After lunch we strolled around town for a few minutes. Bevagna is well worth a visit, whether it’s for lunch or not. It’s a beautiful town with killer views and interesting architecture. According to legend (there’s always a legend in Italy) the countryside near Bevagna is where St. Francis preached to the birds. Remind of you of someone from Atlanta who recently died? Put it on your list.
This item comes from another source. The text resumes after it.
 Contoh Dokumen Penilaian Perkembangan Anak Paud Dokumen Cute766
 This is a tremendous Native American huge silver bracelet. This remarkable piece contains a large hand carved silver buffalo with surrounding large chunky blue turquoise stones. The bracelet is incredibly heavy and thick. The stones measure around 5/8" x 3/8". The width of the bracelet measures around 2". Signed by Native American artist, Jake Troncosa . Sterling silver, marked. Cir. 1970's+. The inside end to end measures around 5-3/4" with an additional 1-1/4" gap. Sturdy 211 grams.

Lucignano. We’ve never been here. I have been saving up places that I read about or see on Instagram and this was one of them. It’s less than an hour from here and a relative easy drive (easy for me, anyway, as I’m sitting in the passenger seat). This town is laid out in a circular pattern and the streets go up until you reach the center at the top. It makes it very easy to navigate. It’s a beautiful medieval hill town and its claim to fame is the Tree of Gold. It’s a reliquary, which holds saints’ bones fragments and supposedly pieces of Christ’s cross. It’s a might fancy thing and was made by goldsmiths in the 14th century. It’s a very intricate design of gold and coral with all these little bone holders shaped like leaves. It’s about six feet tall and is housed in a glass case. Very hard to get a good picture of, so this is the best I could manage. For some reason which remains a mystery to me, the tree is supposed to bring good luck and eternal love to couples who visit it. Well, Steve, Millie, and I stood before it so we’ll see what happens.
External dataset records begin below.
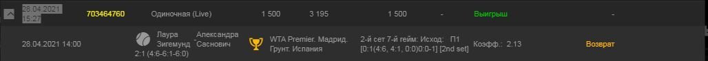 Ну, вы же на явную ошибку поставили. Зигмунд была явным фаворитом и 7-й гейм был на ее подаче. Откуда там может взяться коэффициент 2,13? Возврат ставки в данном случае в рамках правил.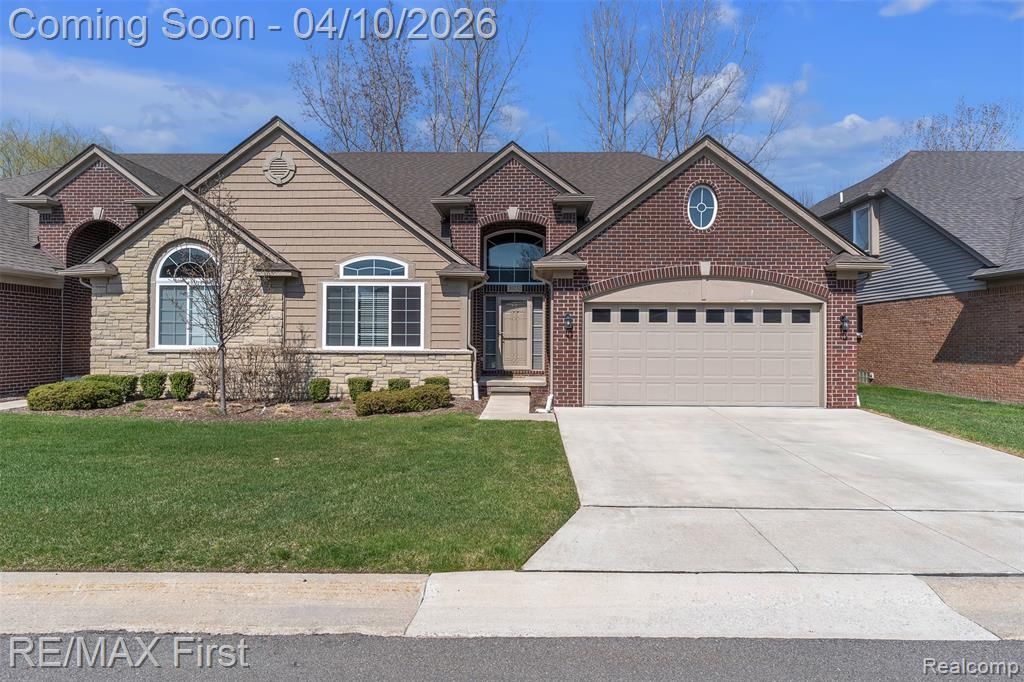 EVERYTHING NEW AS OF 2021! Why wait for a new build? Move right into this meticulously maintained condo on a $20K PREMIUM WOODED LOT—rare private nature views in the heart of the city. This unit is loaded with high-end architectural upgrades including VAULTED CEILINGS in the living room and a custom COFFERED CEILING in the primary suite. The open layout features HARDWOOD FLOORS, GRANITE COUNTERTOPS in the kitchen and all bathrooms, and UPGRADED PREMIUM CARPET. The kitchen and both baths feature Granite throughout. Enjoy the convenience of first-floor laundry and a massive unfinished basement with high ceilings that is a blank slate for more square footage. Unbeatable location directly across from the GM TECH CENTER with instant access to I-696. All the builder upgrades are already done—just move in and enjoy the view!
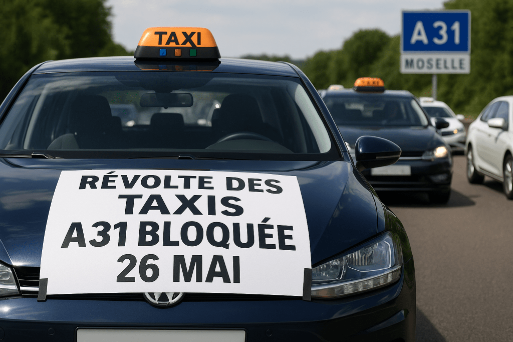 Les chauffeurs de taxi de Moselle entendent frapper un grand coup ce lundi 26 mai 2025 avec une opération escargot d’envergure sur l’autoroute A31, axe stratégique entre Thionville, Metz et Luxembourg. Dès 6h du matin, une mobilisation est attendue, provoquant de fortes perturbations de circulation sur cet itinéraire très fréquenté par les frontaliers.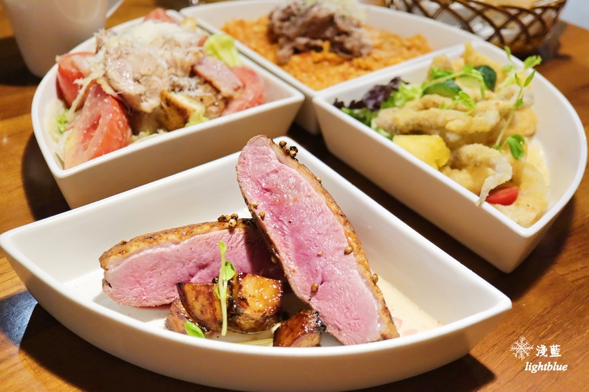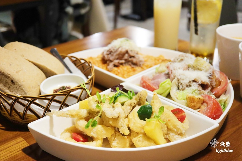 有單人的義大利麵、燉飯等餐點,也有雙人分享餐、四人分享餐,價格依所選主餐而不同。低消是飯/麵/沙拉,收35元清潔費。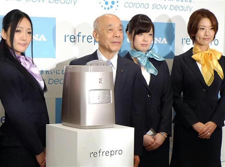 美容機器の「リフレプロ」を発表するコロナの内田力社長(左から2人目)=東京都渋谷区【拡大】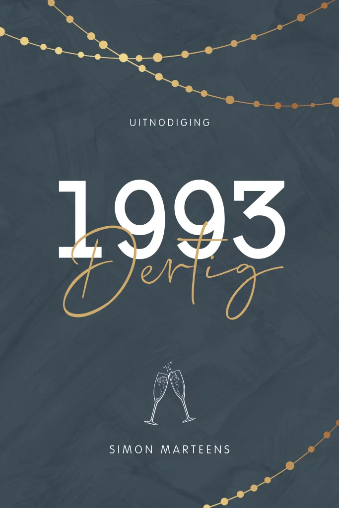 Leuke uitnodiging voor een dertigste verjaardag: op een donkerblauwe achtergrond staan feestelijke, goudkleurige feestslingers. De tekst staat in wit en goudkleur, op de witte achterzijde in blauw en goud. De klinkende champagneglazen maken het compleet, time to party! Pas de kaart naar wens aan in de editor en bestel een proefdruk.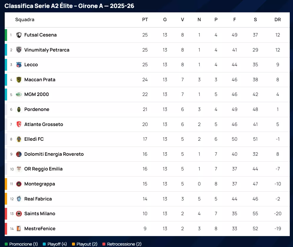 CLASSIFICA di SERIE A2 Élite Gir. A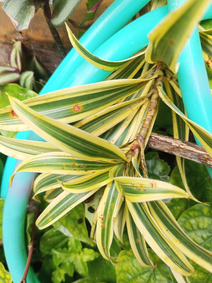 - "A close-up image taken in Mindat, Myanmar, displays a variegated plant with lanceolate leaves featuring prominent yellow and green longitudinal stripes" by FM-inGXo2, licensed under CC BY 4.0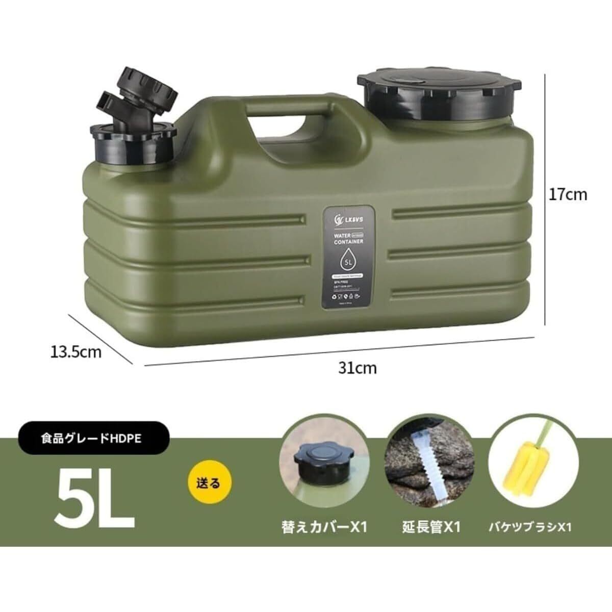 容量:5L、11L、材質:高耐久性プラスチック、使用目的:キャンプ、水供給、アウトドア、防災用

I had no leads on lunch here, so we stopped into a little trattoria with a gorgeous terrace. We had a wonderful Sunday lunch under the canopy, shading us from the warm sun. I had pici pasta alla gricia and it was very good. Pici is a typical pasta from around this area. It’s fat, round, and long. Alla gricia is prepared with guanciale (pork check), cheese, and pepper. Steve had gnudi with spinach, ricotta and sage. Gnudi is pasta without the pasta. It’s replaced by the light, fluffy ricotta and is one of the most flavorful things you can imagine. It (almost) makes you wonder why we bother with pasta in the first place. Then we shared a serving of tagliata, sliced steak.
Lovely days in magical places traveling through Tuscany. Hoping for many, many more just like this.